▸ **Source material**:
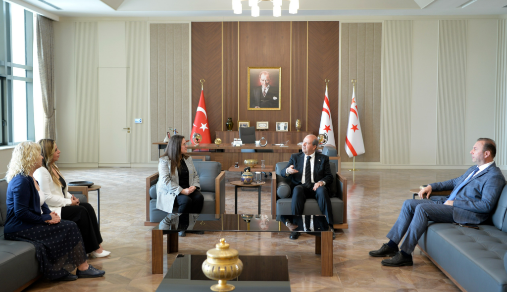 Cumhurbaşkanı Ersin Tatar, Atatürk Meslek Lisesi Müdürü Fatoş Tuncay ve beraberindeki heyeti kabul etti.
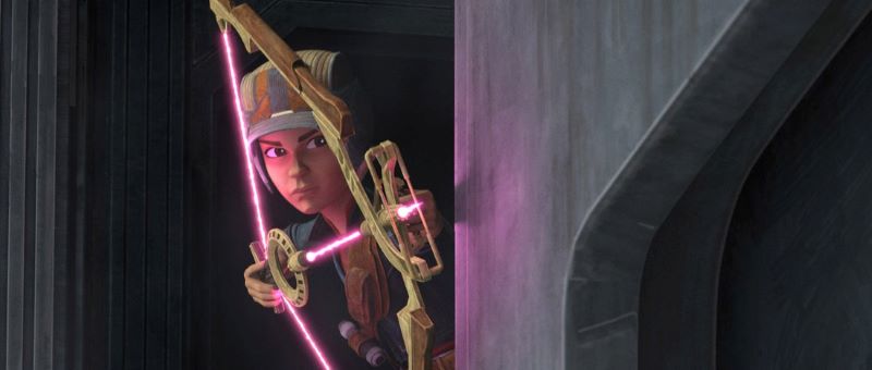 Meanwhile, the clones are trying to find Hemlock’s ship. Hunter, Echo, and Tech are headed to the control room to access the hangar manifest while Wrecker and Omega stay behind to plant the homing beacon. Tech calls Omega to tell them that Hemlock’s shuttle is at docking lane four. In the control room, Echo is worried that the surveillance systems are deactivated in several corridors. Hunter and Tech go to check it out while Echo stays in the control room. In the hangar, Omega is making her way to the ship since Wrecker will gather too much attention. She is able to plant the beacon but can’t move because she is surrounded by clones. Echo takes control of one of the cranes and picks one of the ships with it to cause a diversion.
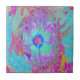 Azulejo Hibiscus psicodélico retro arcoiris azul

...

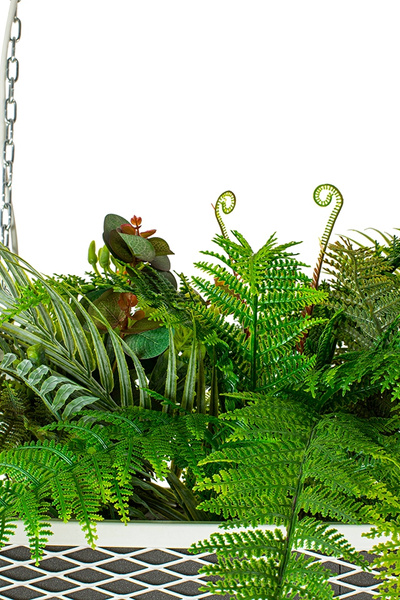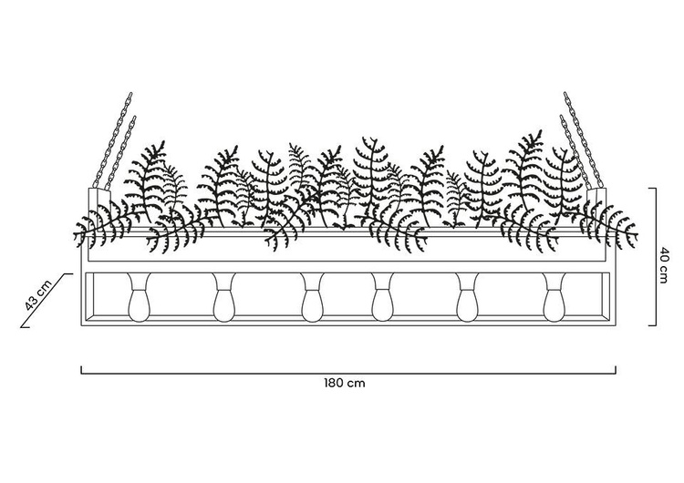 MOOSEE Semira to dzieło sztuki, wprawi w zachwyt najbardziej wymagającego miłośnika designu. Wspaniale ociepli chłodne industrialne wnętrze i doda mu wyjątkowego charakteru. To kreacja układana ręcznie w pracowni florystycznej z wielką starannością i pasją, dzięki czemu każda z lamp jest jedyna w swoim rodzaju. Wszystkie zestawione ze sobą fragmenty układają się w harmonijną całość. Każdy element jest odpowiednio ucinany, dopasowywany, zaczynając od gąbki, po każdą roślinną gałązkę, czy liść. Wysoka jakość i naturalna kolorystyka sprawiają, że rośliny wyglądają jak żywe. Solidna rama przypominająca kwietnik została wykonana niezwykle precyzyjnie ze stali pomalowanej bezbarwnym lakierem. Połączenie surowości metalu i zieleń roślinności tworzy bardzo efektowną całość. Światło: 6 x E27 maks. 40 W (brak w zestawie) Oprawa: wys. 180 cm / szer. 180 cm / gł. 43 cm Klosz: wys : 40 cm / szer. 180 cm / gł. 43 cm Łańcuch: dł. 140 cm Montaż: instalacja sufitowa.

==

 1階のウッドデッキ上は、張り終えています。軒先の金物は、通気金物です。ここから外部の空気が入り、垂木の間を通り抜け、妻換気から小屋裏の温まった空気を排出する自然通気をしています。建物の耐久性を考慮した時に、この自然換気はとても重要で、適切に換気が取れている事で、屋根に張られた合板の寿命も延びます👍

▸ **What you need to do**:
Using the data above, return the lines from the one holding "Cumhurbaşkanı Ersin Tatar, Atatürk" through the one holding "Azulejo Hibiscus psicodélico" exactly, but not the pictures.

▸ **Your solution**:
 Cumhurbaşkanı Ersin Tatar, Atatürk Meslek Lisesi Müdürü Fatoş Tuncay ve beraberindeki heyeti kabul etti.
 Meanwhile, the clones are trying to find Hemlock’s ship. Hunter, Echo, and Tech are headed to the control room to access the hangar manifest while Wrecker and Omega stay behind to plant the homing beacon. Tech calls Omega to tell them that Hemlock’s shuttle is at docking lane four. In the control room, Echo is worried that the surveillance systems are deactivated in several corridors. Hunter and Tech go to check it out while Echo stays in the control room. In the hangar, Omega is making her way to the ship since Wrecker will gather too much attention. She is able to plant the beacon but can’t move because she is surrounded by clones. Echo takes control of one of the cranes and picks one of the ships with it to cause a diversion.
 Azulejo Hibiscus psicodélico retro arcoiris azul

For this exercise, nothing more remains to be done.